PETER Dumbreck is the boy who grew up on a mushroom farm in Kirkcaldy, and went on to achieve a global reputation in motorsport.
At the age of 39, he has just completed yet another season at the top level of racing, driving a Honda prototype in the prestigious FIA World Endurance Championship.
Dumbreck co-piloted the JRM Racing team, along with fellow drivers Karum Chandhok and David Brabham, to third place in the privateers class, and 10th in the overall championship.
It was a decent result in the team’s debut season in the championship, but Dumbreck had hoped for better.
“We expected to do a bit better than we did,” Dumbreck told the Press.
“We wanted to win the privateers class, but we got off to a slow start, and spent a lot of time tinkering with set-ups.
“We expected to come on strong towards end of the year and that’s what happened, finishing second in both of the last two races.
“Had we started the season with the knowledge we’ve now got, winning the championship would have been a possibility.
“But it was the team’s first foray into endurance racing so it’s been a learning experience.”
The highlight of Dumbreck’s season was his sixth place finish at the Le Mans 24-hour.
“I’ve been to Le Mans five times now, so it was great to finally get a good result,” he said.
“There were two Toyotas and four Audis on the track, and it’s almost impossible to beat these guys because they are so reliable.
“But it was really great to finally finish the race in a strong position.”
Dumbreck, whose famous somersault crash at Le Mans in 1999 made headlines across the world, has enjoyed his return to sports prototypes, after competing in GT cars in recent years.
“This is the closest thing you’ll get to racing F1 cars,” he said. “They are designed with a lot of down-force and strong engines.
“We’re racing at speeds of almost 200mph on three different parts of the circuit at Le Mans.

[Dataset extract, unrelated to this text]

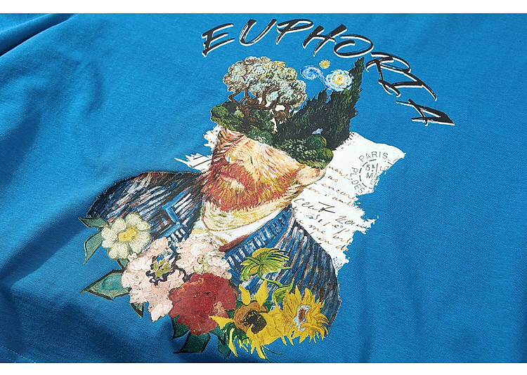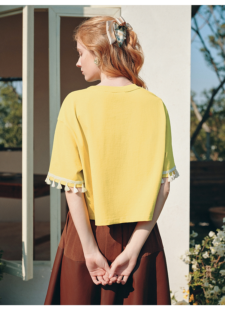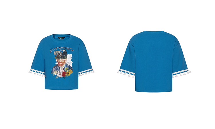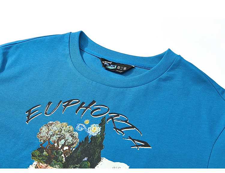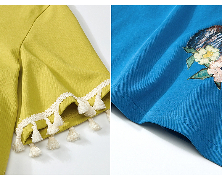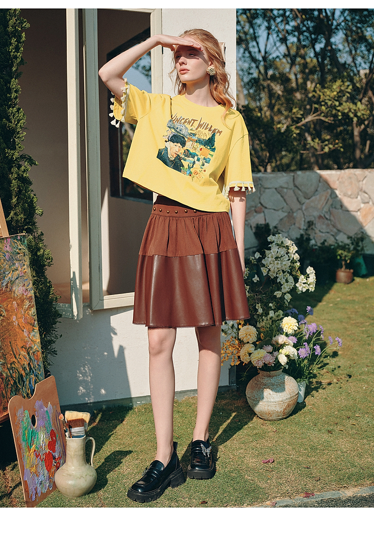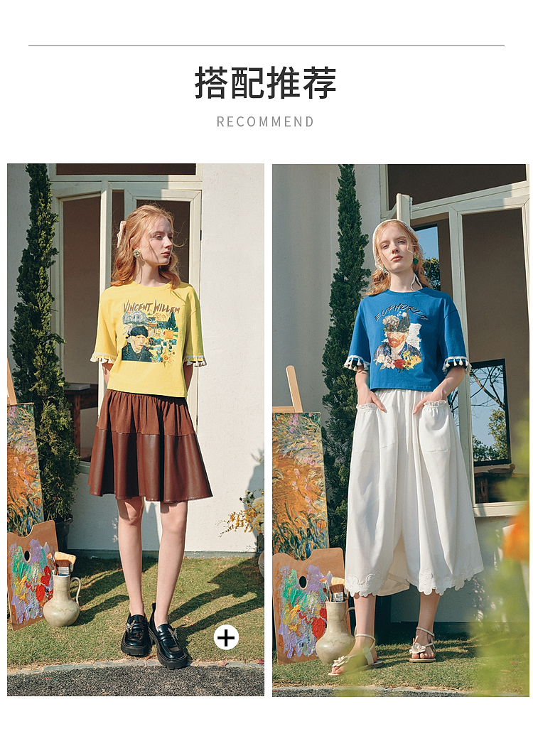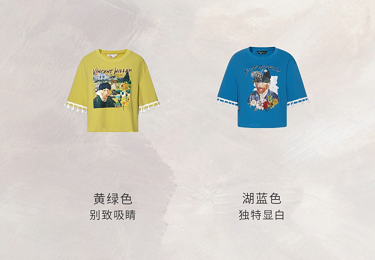 两三事梵高文艺旧日幻境2026春季新款人物印花流苏袖口t恤女短款

“It’s like my career has gone full circle.”
The question now for Dumbreck is whether he will return for a second crack at the WEC with JRM Racing in 2013.

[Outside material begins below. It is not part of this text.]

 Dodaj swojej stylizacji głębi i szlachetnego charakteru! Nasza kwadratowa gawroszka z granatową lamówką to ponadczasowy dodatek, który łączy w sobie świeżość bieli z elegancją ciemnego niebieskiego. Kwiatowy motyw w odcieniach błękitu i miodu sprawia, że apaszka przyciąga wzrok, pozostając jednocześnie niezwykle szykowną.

“That’s the question I’ve been asking the boss,” he said. “The budget is crazy money so if he can get sponsorship for part of it, he’ll fund the rest and we’ll go again next year.
“If not, I’ve got my eyes open to see what else is out there. It’s always a roulette game over the winter and I’ll just try to make the right decision for myself.
“I would like to stay with JRM. I’m in my third year with them, and such continuity is very rare in motorsport.
“I still have a deal with Falken Tyres to race at the Nurburgring 24, but I’ll be looking to get myself tied up for the whole season.”